SC 13D/A

 

 

UNITED STATES

SECURITIES AND EXCHANGE COMMISSION

Washington, D.C. 20549

 

 

SCHEDULE 13D

Under the Securities Exchange Act of 1934

(Amendment No. 17)*

 

 

Hess Midstream LP

(Name of Issuer)

Class A Shares

(Title of Class of Securities)

428103105

(CUSIP Number)

Timothy B. Goodell

Hess Corporation

1185 Avenue of the Americas

New York, NY 10036

(212) 997-8500

(Name, Address and Telephone Number of Person Authorized to Receive Notices and Communications)

September 18, 2024

(Date of Event Which Requires Filing of this Statement)

 

 

If the filing person has previously filed a statement on Schedule 13G to report the acquisition that is the subject of this Schedule 13D, and is filing this schedule because of Rule 13d-1(e), Rule 13d-1(f) or Rule 13d-1(g), check the following box. ☐

 

 

Note: Schedules filed in paper format shall include a signed original and five copies of the schedule, including all exhibits. See Rule 13d-7(b) for other parties to whom copies are to be sent.

 

 

 

*

The remainder of this cover page shall be filled out for a reporting person’s initial filing on this form with respect to the subject class of securities, and for any subsequent amendment containing information which would alter disclosures provided in a prior cover page.

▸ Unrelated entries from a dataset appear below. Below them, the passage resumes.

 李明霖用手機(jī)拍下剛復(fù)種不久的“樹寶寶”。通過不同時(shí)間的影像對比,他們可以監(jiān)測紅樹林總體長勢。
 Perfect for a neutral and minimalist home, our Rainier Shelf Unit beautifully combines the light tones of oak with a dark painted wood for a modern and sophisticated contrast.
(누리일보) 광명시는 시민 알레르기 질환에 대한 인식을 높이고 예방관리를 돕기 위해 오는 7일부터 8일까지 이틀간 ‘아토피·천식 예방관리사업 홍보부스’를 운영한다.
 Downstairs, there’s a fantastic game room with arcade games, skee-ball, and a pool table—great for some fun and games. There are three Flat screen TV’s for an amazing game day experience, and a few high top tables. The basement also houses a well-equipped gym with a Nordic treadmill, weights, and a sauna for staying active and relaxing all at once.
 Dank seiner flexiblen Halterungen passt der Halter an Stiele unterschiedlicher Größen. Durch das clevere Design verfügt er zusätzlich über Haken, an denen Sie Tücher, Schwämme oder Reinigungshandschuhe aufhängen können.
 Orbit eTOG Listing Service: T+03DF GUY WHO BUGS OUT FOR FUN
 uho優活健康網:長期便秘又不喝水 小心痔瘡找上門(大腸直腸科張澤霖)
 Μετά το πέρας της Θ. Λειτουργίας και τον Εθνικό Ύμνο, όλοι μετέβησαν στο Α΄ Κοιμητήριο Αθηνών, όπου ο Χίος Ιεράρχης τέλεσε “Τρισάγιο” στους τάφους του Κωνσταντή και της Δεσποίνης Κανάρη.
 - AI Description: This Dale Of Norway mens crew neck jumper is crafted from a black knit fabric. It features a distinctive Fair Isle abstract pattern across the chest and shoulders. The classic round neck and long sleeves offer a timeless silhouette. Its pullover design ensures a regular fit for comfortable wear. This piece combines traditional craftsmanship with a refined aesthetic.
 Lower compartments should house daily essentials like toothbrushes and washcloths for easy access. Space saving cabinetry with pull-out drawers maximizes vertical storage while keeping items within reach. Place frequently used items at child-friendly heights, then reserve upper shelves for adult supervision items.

The information required on the remainder of this cover page shall not be deemed to be “filed” for the purpose of Section 18 of the Securities Exchange Act of 1934 (“Act”) or otherwise subject to the liabilities of that section of the Act but shall be subject to all other provisions of the Act (however, see the Notes).

 

 

 


CUSIP No. 428103105    13D    Page 1 of 3 pages

 

Explanatory Note

This Amendment No. 17 to Schedule 13D amends and supplements the statement on Schedule 13D originally filed with the United States Securities and Exchange Commission on December 17, 2019 (as amended, the “Statement”), relating to the Class A Shares representing limited partner interests (the “Class A Shares”) of Hess Midstream LP, a Delaware limited partnership (the “Issuer”). Capitalized terms used herein without definition shall have the meaning set forth in the Statement.

 

Item 4.

Purpose of Transaction.

Item 4 of the Statement is hereby amended and supplemented as follows:

September 2024 Underwriting Agreement

On September 18, 2024, the Issuer, New HESM GP LP, New HESM GP LLC, Blue Holding, and Citigroup Global Markets Inc., as underwriter (the “Underwriter”), entered into an Underwriting Agreement (the “September 2024 Underwriting Agreement”), pursuant to which the Underwriter agreed to purchase from Blue Holding, subject to and upon the terms and conditions set forth therein, 11,000,000 Class A Shares at a price of $35.12 per share (the “September 2024 Secondary Offering”). Pursuant to the September 2024 Underwriting Agreement, Blue Holding granted the Underwriter an option, exercisable for 30 days, to purchase up to an additional 1,650,000 Class A Shares at $35.12 per share. On September 20, 2024, the September 2024 Secondary Offering closed and the Underwriter exercised the option to purchase an additional 1,650,000 Class A Shares.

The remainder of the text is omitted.